TASK INSTRUCTIONS: Output the full listing exactly as written, with no pictures in it.

INFORMATION PROVIDED:
──────────────────────────────
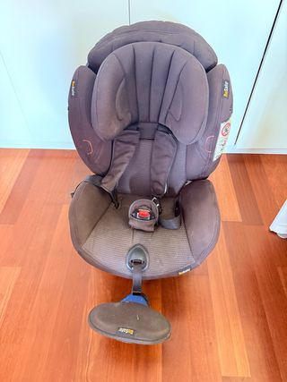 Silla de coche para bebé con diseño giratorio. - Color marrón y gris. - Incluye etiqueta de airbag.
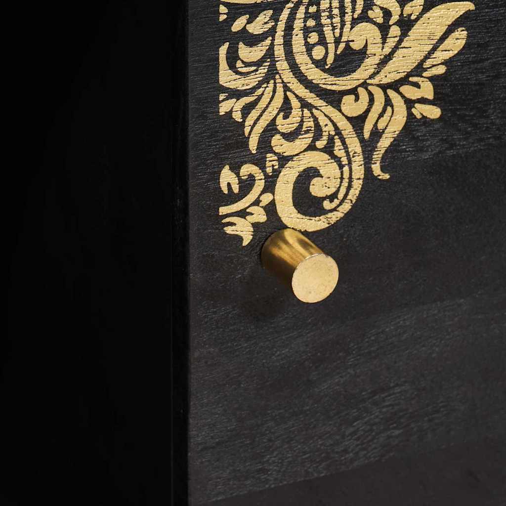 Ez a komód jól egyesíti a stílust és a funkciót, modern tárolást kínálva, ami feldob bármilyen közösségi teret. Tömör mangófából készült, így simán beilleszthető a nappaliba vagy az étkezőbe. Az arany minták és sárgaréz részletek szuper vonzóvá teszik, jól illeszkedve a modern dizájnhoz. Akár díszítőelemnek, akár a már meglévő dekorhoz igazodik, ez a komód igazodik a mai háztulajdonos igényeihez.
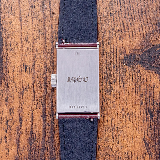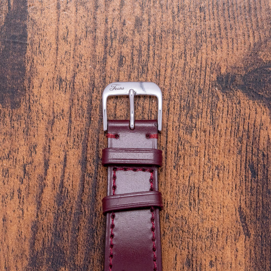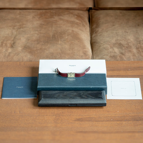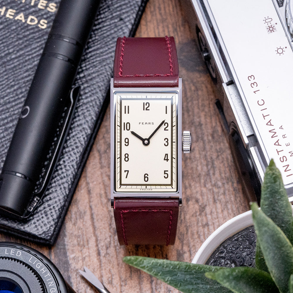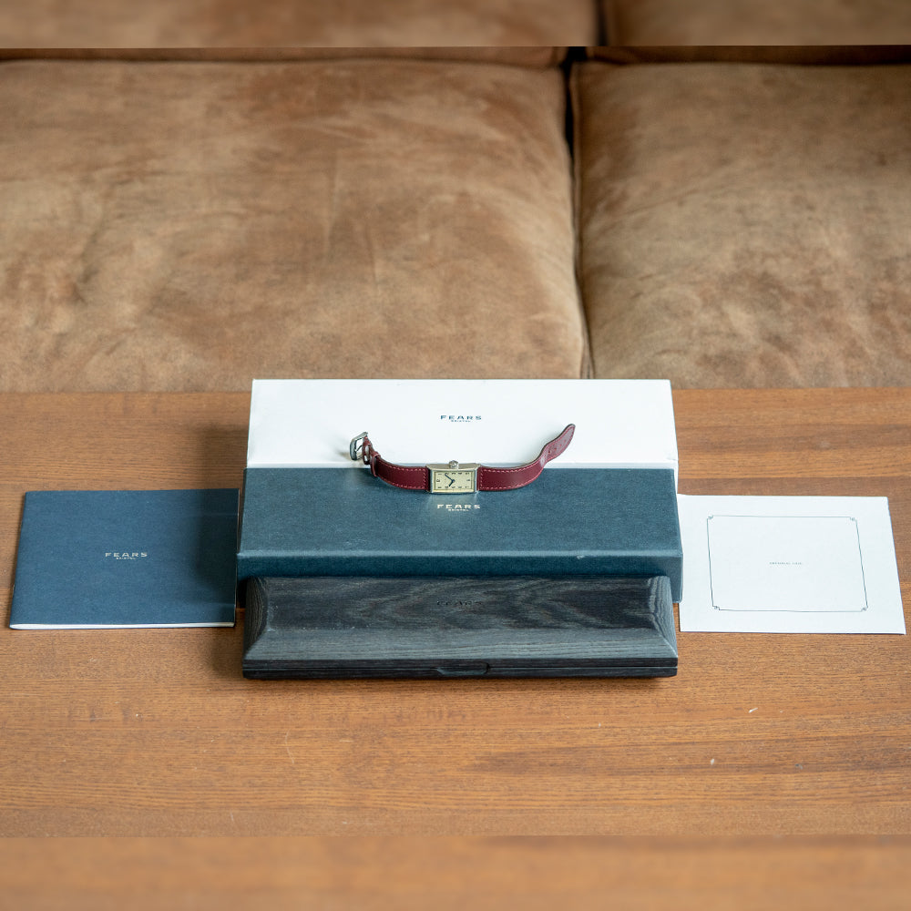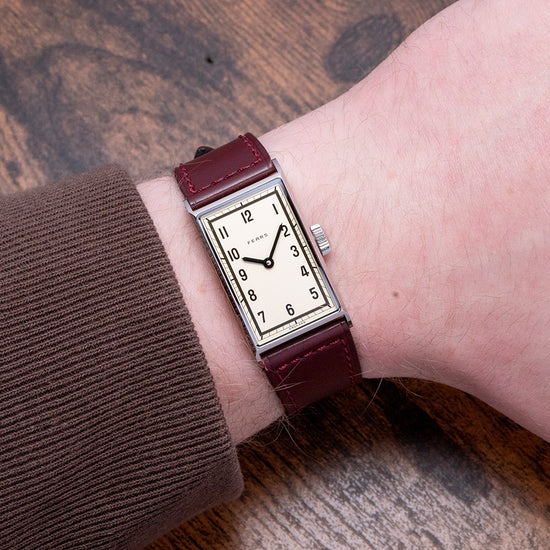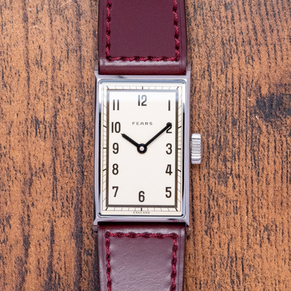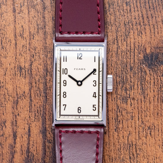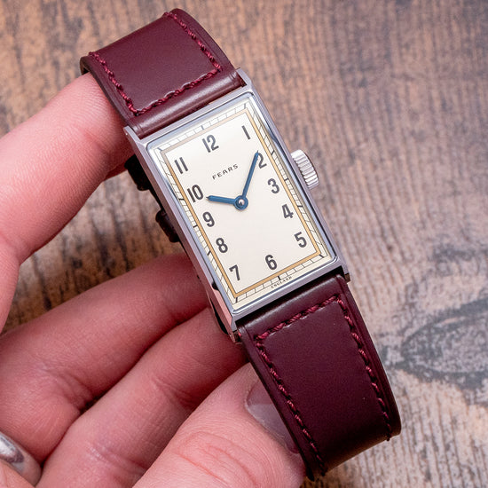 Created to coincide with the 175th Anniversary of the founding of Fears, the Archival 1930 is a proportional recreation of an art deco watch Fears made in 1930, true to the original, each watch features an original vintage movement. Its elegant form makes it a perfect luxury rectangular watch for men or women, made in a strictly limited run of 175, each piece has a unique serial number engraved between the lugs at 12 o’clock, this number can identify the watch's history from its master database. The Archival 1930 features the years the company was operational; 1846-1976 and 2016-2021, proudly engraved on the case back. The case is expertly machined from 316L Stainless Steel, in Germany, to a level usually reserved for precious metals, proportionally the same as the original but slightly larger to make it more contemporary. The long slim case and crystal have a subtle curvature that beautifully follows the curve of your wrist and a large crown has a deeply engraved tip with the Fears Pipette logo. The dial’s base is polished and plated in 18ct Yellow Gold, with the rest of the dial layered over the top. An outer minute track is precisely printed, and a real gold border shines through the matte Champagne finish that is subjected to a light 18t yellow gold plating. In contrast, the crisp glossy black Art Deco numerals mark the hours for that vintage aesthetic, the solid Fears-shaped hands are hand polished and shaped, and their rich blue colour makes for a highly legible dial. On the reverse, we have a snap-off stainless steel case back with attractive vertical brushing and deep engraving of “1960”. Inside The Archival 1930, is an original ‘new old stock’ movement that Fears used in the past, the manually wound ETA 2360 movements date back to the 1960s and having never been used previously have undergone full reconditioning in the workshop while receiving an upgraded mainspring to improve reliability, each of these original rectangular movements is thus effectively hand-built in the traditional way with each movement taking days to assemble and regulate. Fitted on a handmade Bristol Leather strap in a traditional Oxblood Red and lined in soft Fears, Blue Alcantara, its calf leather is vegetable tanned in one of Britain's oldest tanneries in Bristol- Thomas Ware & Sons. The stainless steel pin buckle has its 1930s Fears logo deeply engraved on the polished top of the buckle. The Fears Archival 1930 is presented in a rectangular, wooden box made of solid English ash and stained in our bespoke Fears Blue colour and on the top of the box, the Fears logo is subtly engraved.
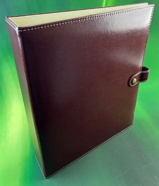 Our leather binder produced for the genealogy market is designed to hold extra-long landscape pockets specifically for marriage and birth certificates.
──────────────────────────────
ANSWER TO THIS PROBLEM:
 Silla de coche para bebé con diseño giratorio. - Color marrón y gris. - Incluye etiqueta de airbag.
 Ez a komód jól egyesíti a stílust és a funkciót, modern tárolást kínálva, ami feldob bármilyen közösségi teret. Tömör mangófából készült, így simán beilleszthető a nappaliba vagy az étkezőbe. Az arany minták és sárgaréz részletek szuper vonzóvá teszik, jól illeszkedve a modern dizájnhoz. Akár díszítőelemnek, akár a már meglévő dekorhoz igazodik, ez a komód igazodik a mai háztulajdonos igényeihez.
 Created to coincide with the 175th Anniversary of the founding of Fears, the Archival 1930 is a proportional recreation of an art deco watch Fears made in 1930, true to the original, each watch features an original vintage movement. Its elegant form makes it a perfect luxury rectangular watch for men or women, made in a strictly limited run of 175, each piece has a unique serial number engraved between the lugs at 12 o’clock, this number can identify the watch's history from its master database. The Archival 1930 features the years the company was operational; 1846-1976 and 2016-2021, proudly engraved on the case back. The case is expertly machined from 316L Stainless Steel, in Germany, to a level usually reserved for precious metals, proportionally the same as the original but slightly larger to make it more contemporary. The long slim case and crystal have a subtle curvature that beautifully follows the curve of your wrist and a large crown has a deeply engraved tip with the Fears Pipette logo. The dial’s base is polished and plated in 18ct Yellow Gold, with the rest of the dial layered over the top. An outer minute track is precisely printed, and a real gold border shines through the matte Champagne finish that is subjected to a light 18t yellow gold plating. In contrast, the crisp glossy black Art Deco numerals mark the hours for that vintage aesthetic, the solid Fears-shaped hands are hand polished and shaped, and their rich blue colour makes for a highly legible dial. On the reverse, we have a snap-off stainless steel case back with attractive vertical brushing and deep engraving of “1960”. Inside The Archival 1930, is an original ‘new old stock’ movement that Fears used in the past, the manually wound ETA 2360 movements date back to the 1960s and having never been used previously have undergone full reconditioning in the workshop while receiving an upgraded mainspring to improve reliability, each of these original rectangular movements is thus effectively hand-built in the traditional way with each movement taking days to assemble and regulate. Fitted on a handmade Bristol Leather strap in a traditional Oxblood Red and lined in soft Fears, Blue Alcantara, its calf leather is vegetable tanned in one of Britain's oldest tanneries in Bristol- Thomas Ware & Sons. The stainless steel pin buckle has its 1930s Fears logo deeply engraved on the polished top of the buckle. The Fears Archival 1930 is presented in a rectangular, wooden box made of solid English ash and stained in our bespoke Fears Blue colour and on the top of the box, the Fears logo is subtly engraved.
 Our leather binder produced for the genealogy market is designed to hold extra-long landscape pockets specifically for marriage and birth certificates.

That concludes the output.